The Greek debt crisis is not on the official agenda at this week's G8 meeting, but it's certainly top of mind for policymakers gathering in Deauville, France.
"It is a fantasy and a folly" to believe a Greek debt restructuring can be avoided, says economist Peter Morici, a business professor at the University of Maryland. "Sooner or later Greece will have to restructure its debt."
Morici compares Greece to a homeowner who makes $100,000 a year but owes $1 million on a mortgage. "There's no debt extension that's going to work…other than writing down some of the debt," Morici says. "Sooner or later the Greek creditors…are going to have to take a big haircut."
Those creditors include German and French banks, which is why "this is a much a banking crisis as it is a sovereign debt crisis," he says. (See: A Greek Default Won't Be 'Contained', John Mauldin Says)
As a result, EU policymakers seem determined to kick the proverbial can down the road as far as possible, in order to 'buy time' for Spain and Italy.
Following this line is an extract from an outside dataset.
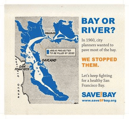 The suasive force of the map marked a victory of self-determination for most residents–enlisting interested citizens, fearful of the map that the future showed, led three women to invite for coffee the directors of the Save the Redwoods League, Audubon Society, and Sierra Club, to describe the possibility of reversing the steady drip of garbage, sewage, and growing shoreline stench that must have encouraged the logic of extending landfill to an area where garbage was regularly dumped and set on fire, at night, fell on deaf ears, only with the growth of the Free Speech Movement, and as 90% of Bay wetlands were lost and the Bay already reduced by a third due to dumping garbage and land reclamation, the appearance of the map, “Bay or River?,” electrified resistance to redevelopment projects, and the creation of the Save San Francisco Bay Association.

Just papering over the problem with more money — either from German taxpayers or the ECB - won't fix what caused the problems in the first place, which is the very idea that European monetary union makes sense in the first place. Still, "buying time" may prove irresistible to policymakers, Morici says.
"Politicians are like children in a candy story," he says. "They don't worry about the cavities they will receive or the money their parents will have to pay filling those cavities. They just want their candy now."